(RAW DATA)

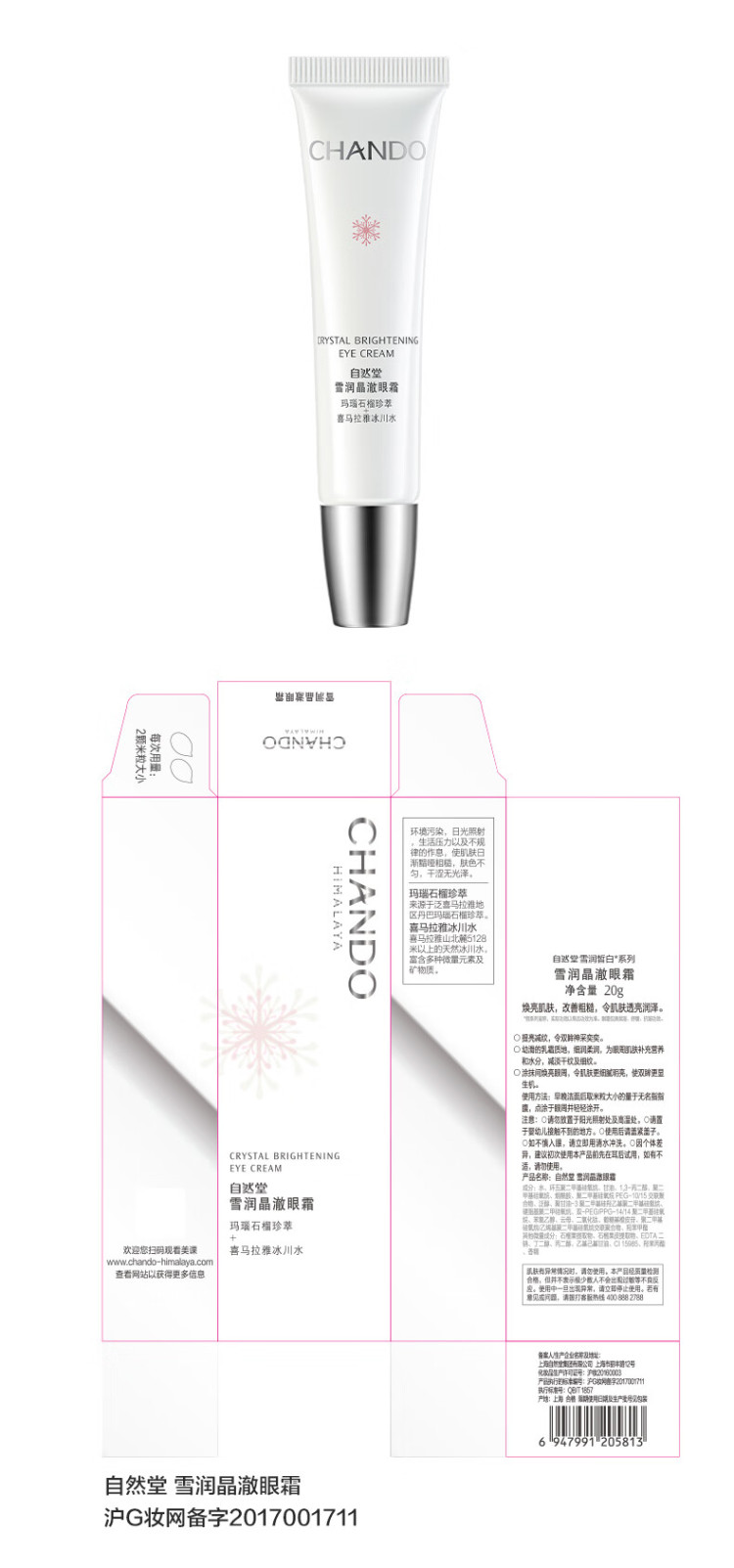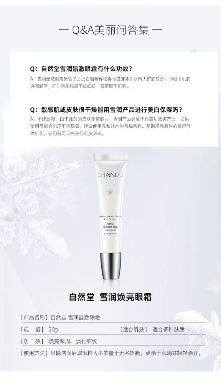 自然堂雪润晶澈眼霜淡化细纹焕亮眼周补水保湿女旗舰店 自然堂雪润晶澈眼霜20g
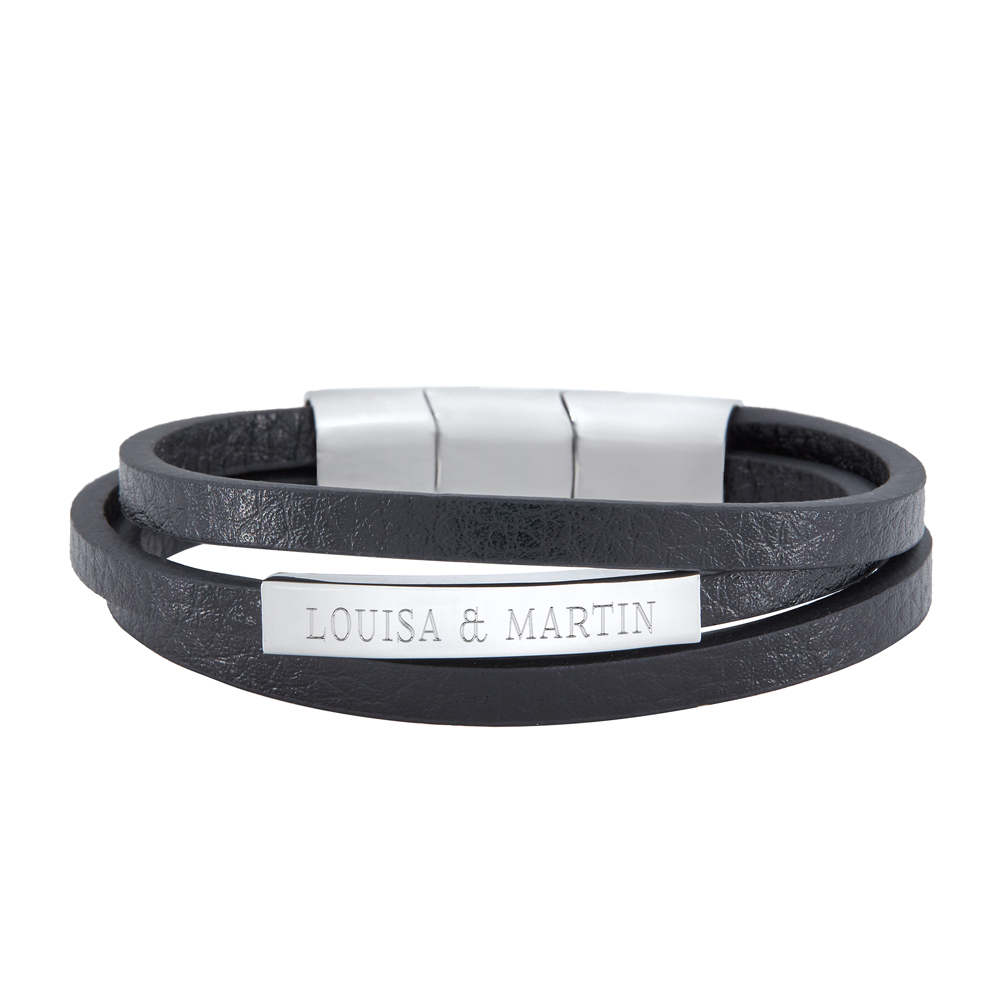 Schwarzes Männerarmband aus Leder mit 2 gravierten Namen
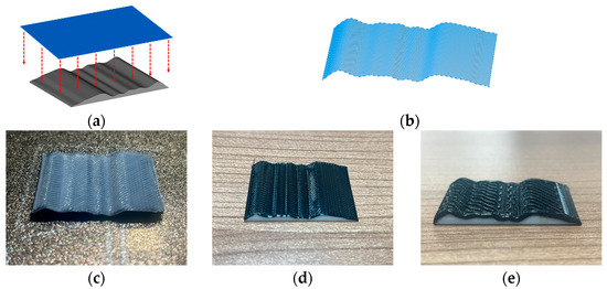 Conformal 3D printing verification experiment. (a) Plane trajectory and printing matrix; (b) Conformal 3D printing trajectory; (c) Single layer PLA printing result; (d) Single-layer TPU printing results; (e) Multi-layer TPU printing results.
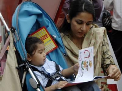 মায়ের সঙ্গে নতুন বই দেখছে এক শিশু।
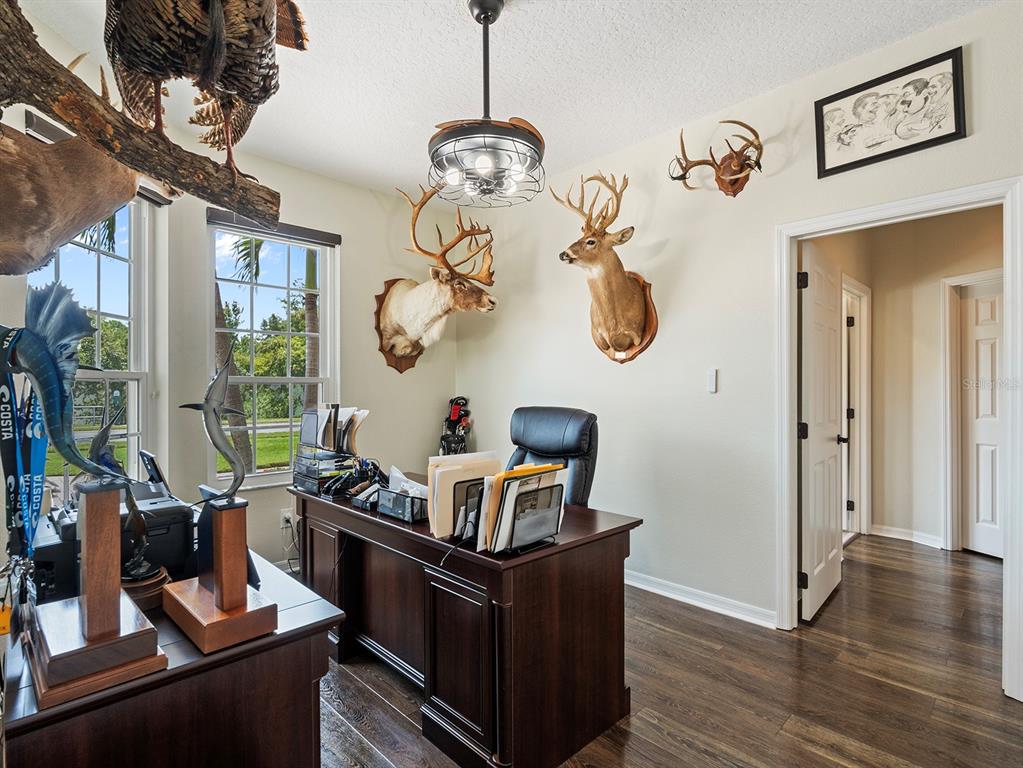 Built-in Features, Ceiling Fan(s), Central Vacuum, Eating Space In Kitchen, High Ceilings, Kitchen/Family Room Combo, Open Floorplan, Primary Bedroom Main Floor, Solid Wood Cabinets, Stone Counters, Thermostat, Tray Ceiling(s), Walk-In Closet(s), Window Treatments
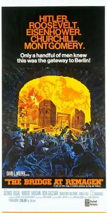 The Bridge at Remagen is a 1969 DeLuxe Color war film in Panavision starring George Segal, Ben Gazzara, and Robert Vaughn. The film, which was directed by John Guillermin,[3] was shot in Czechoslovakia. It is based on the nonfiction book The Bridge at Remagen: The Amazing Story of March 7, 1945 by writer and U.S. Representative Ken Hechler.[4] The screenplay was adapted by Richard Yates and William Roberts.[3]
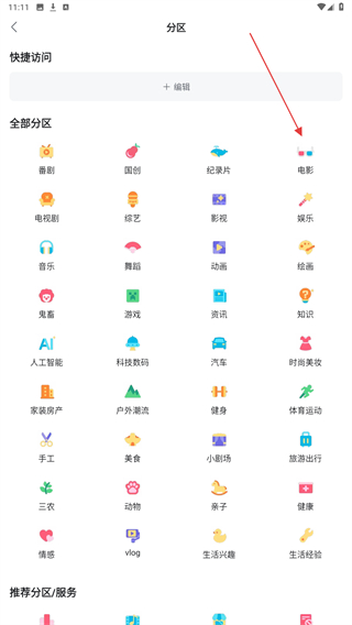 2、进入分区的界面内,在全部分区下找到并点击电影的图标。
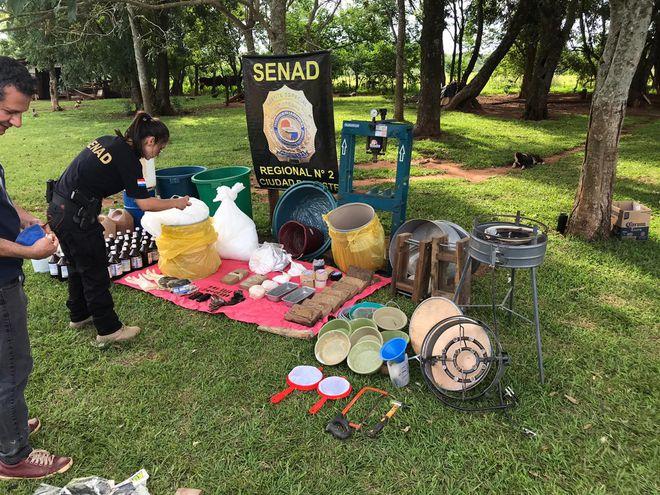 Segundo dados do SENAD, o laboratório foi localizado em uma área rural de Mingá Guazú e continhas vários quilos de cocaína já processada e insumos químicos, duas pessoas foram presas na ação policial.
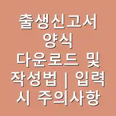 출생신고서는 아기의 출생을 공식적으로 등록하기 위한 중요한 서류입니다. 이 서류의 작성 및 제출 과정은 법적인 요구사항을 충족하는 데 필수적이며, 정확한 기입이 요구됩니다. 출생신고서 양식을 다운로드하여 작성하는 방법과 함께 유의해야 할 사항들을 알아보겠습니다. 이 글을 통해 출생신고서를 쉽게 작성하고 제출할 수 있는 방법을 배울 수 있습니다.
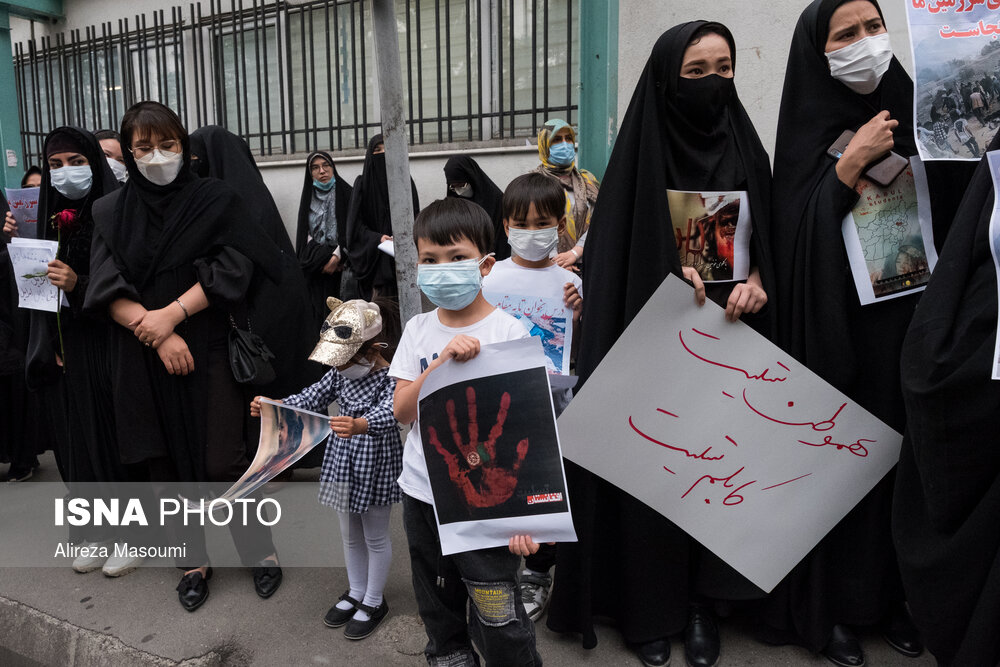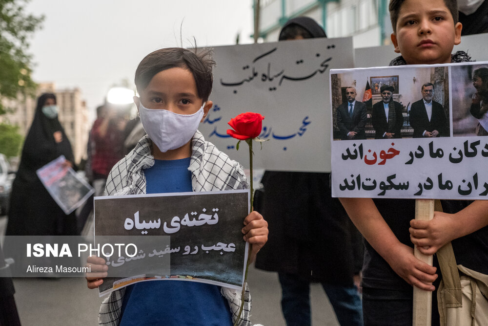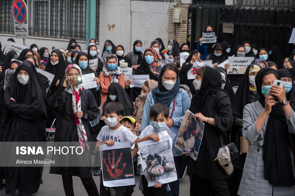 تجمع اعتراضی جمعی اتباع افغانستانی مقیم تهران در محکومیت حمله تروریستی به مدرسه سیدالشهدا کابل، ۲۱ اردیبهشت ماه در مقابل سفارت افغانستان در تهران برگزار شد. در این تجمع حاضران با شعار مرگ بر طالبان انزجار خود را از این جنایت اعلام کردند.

(End RAW DATA)

Nothing but the records, copied exactly and stripped of pictures, should be returned.

SOLUTION>
 自然堂雪润晶澈眼霜淡化细纹焕亮眼周补水保湿女旗舰店 自然堂雪润晶澈眼霜20g
 Schwarzes Männerarmband aus Leder mit 2 gravierten Namen
 Conformal 3D printing verification experiment. (a) Plane trajectory and printing matrix; (b) Conformal 3D printing trajectory; (c) Single layer PLA printing result; (d) Single-layer TPU printing results; (e) Multi-layer TPU printing results.
 মায়ের সঙ্গে নতুন বই দেখছে এক শিশু।
 Built-in Features, Ceiling Fan(s), Central Vacuum, Eating Space In Kitchen, High Ceilings, Kitchen/Family Room Combo, Open Floorplan, Primary Bedroom Main Floor, Solid Wood Cabinets, Stone Counters, Thermostat, Tray Ceiling(s), Walk-In Closet(s), Window Treatments
 The Bridge at Remagen is a 1969 DeLuxe Color war film in Panavision starring George Segal, Ben Gazzara, and Robert Vaughn. The film, which was directed by John Guillermin,[3] was shot in Czechoslovakia. It is based on the nonfiction book The Bridge at Remagen: The Amazing Story of March 7, 1945 by writer and U.S. Representative Ken Hechler.[4] The screenplay was adapted by Richard Yates and William Roberts.[3]
 2、进入分区的界面内,在全部分区下找到并点击电影的图标。
 Segundo dados do SENAD, o laboratório foi localizado em uma área rural de Mingá Guazú e continhas vários quilos de cocaína já processada e insumos químicos, duas pessoas foram presas na ação policial.
 출생신고서는 아기의 출생을 공식적으로 등록하기 위한 중요한 서류입니다. 이 서류의 작성 및 제출 과정은 법적인 요구사항을 충족하는 데 필수적이며, 정확한 기입이 요구됩니다. 출생신고서 양식을 다운로드하여 작성하는 방법과 함께 유의해야 할 사항들을 알아보겠습니다. 이 글을 통해 출생신고서를 쉽게 작성하고 제출할 수 있는 방법을 배울 수 있습니다.
 تجمع اعتراضی جمعی اتباع افغانستانی مقیم تهران در محکومیت حمله تروریستی به مدرسه سیدالشهدا کابل، ۲۱ اردیبهشت ماه در مقابل سفارت افغانستان در تهران برگزار شد. در این تجمع حاضران با شعار مرگ بر طالبان انزجار خود را از این جنایت اعلام کردند.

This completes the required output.